Step 1. Let’s fix \(t\) and consider the function of space \(h(x)=f(t,x)=\mathbb{E}[g(X_t)|X_0=x]\). Applying Ito’s formula to \(h\), we have:

\[\begin{align} dh(X_s) &= h'(X_s) dX_s + \frac{1}{2}h''(X_s) (dX_s)^2\\ &= h'(X_s) (\sigma(X_s)dB_s + \mu(X_s) ds) + \frac{\sigma(X_s)^2}{2}h''(X_s)ds\\ &= \sigma(X_s)h'(X_s)dB_s + \left(\frac{\sigma(X_s)^2}{2}h''(X_s) + \mu(X_s)h'(X_s)\right)ds \end{align}\]

In the integral form this is:

\[\begin{align*} h(X_s) - h(X_0) &= \int_0^s \sigma(X_u)h'(X_u)dB_u \\ &+ \int_0^s \left(\frac{\sigma(X_u)^2}{2}h''(X_u) + \mu(X_u)h'(X_u)\right)du \tag{1} \end{align*}\]

Step 2. Take expectations on both sides, divide by \(s\) and let \(s \to 0\). We are interested in taking the derivative with respect to \(s\) at \(s_0=0\).

The expectation of the first term on the right hand side is zero, by the properties of the Ito integral.

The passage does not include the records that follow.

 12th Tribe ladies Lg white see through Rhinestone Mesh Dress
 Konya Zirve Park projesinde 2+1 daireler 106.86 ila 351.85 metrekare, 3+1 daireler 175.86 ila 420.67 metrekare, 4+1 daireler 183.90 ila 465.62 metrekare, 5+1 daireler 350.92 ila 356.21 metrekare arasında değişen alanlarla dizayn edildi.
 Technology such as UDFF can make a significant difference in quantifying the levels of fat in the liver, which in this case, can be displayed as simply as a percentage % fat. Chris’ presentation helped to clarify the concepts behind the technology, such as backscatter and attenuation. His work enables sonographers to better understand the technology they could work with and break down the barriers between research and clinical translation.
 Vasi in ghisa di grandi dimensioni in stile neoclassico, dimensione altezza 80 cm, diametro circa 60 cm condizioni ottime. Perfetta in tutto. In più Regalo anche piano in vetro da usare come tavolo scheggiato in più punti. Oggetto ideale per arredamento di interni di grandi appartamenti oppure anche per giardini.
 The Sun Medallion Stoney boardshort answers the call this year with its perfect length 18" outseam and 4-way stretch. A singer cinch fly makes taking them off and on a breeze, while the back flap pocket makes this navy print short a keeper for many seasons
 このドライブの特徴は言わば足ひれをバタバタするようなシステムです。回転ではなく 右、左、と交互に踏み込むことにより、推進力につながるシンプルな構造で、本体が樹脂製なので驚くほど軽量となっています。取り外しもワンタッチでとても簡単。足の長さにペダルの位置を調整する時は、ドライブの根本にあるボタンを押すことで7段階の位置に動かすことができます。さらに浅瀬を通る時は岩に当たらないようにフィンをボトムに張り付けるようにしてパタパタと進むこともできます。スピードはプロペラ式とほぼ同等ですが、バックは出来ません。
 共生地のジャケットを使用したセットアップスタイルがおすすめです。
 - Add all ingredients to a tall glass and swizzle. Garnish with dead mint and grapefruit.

The integrand of the second term (RHS) is a conditional expectation \(\mathbb{E}[\xi(X_u)|X_0 = x]\), it is an average at time \(u\), of the paths of the process starting at initial position \(X_0 = x\), so it is a function of \(u\) and \(x\). So, \(\mathbb{E}[\xi(X_u)|X_0 = x] = p(u,x)\). Suppressing the argument \(x\), we have the representation:

\[\begin{align} \int_0^s p(u) du \end{align}\]

Recall that, if \(p\) is a continuous function, then it is Riemann integrable. Further, since integration and differentiation are inverse operations, there exists a unique antiderivative \(P\) given by

\[ P(s) = \int_{0}^{s}p(u)du \]

satisfying \(P'(0) = p(0)\).

By the definition of the derivative:

\[P'(0) = \lim_{s \to 0} \frac{P(s) - P(0)}{s} = \lim_{s\to 0} \frac{P(s)}{s} = p(0) \quad \{ P(0)=0 \text{ by definition }\}\]

Thus, we have:

\[ p(0,x) = \mathbb{E}[\xi(X_0)|X_0 = x] = \frac{\sigma(x)^2}{2} h''(x) + \mu(x)h'(x) \]

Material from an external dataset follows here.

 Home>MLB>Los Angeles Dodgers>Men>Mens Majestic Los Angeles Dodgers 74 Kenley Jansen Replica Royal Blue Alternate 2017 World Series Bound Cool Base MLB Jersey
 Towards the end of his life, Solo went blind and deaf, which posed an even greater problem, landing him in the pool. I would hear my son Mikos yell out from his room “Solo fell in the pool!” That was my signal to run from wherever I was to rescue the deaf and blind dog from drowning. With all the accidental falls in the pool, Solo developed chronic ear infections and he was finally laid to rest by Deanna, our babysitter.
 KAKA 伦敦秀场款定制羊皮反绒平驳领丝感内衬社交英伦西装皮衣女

Step 3. As for the left-hand side, we have:

\[ \lim_{s \to 0} \frac{\mathbb{E}[h(X_s)|X_0 = x] - h(X_0)}{s} = \lim_{s \to 0} \frac{\mathbb{E}[h(X_s)|X_0 = x] - f(t,x)}{s} \]

To prove that this limit is \(\frac{\partial f}{\partial t}(t,x)\), it remains to show that \(\mathbb{E}[h(X_s)|X_0 = x]=\mathbb{E}[g(X_{t+s})|X_0 = x]=f(t+s,x)\).

To see this, note that \(h(X_s) = \mathbb{E}[g(X_{t+s})|X_s]\). We deduce:

\[\begin{align*} \mathbb{E}[h(X_s)|X_0 = x] &= \mathbb{E}[\mathbb{E}[g(X_{t+s})|X_s]|X_0 = x]\\ &= \mathbb{E}[\mathbb{E}[g(X_{t+s})|\mathcal{F}_s]|X_0 = x]\\ & \{ (X_t,t\geq 0) \text{ is Markov }\} \\ &= \mathbb{E}[g(X_{t+s})|X_0 = x]\\ & \{ \text{ Tower property }\} \\ &= f(t+s,x) \end{align*}\]

This closes the proof. \(\blacksquare\)

The backward equation (Equation 16) can be conveniently written in terms of the generator of the diffusion.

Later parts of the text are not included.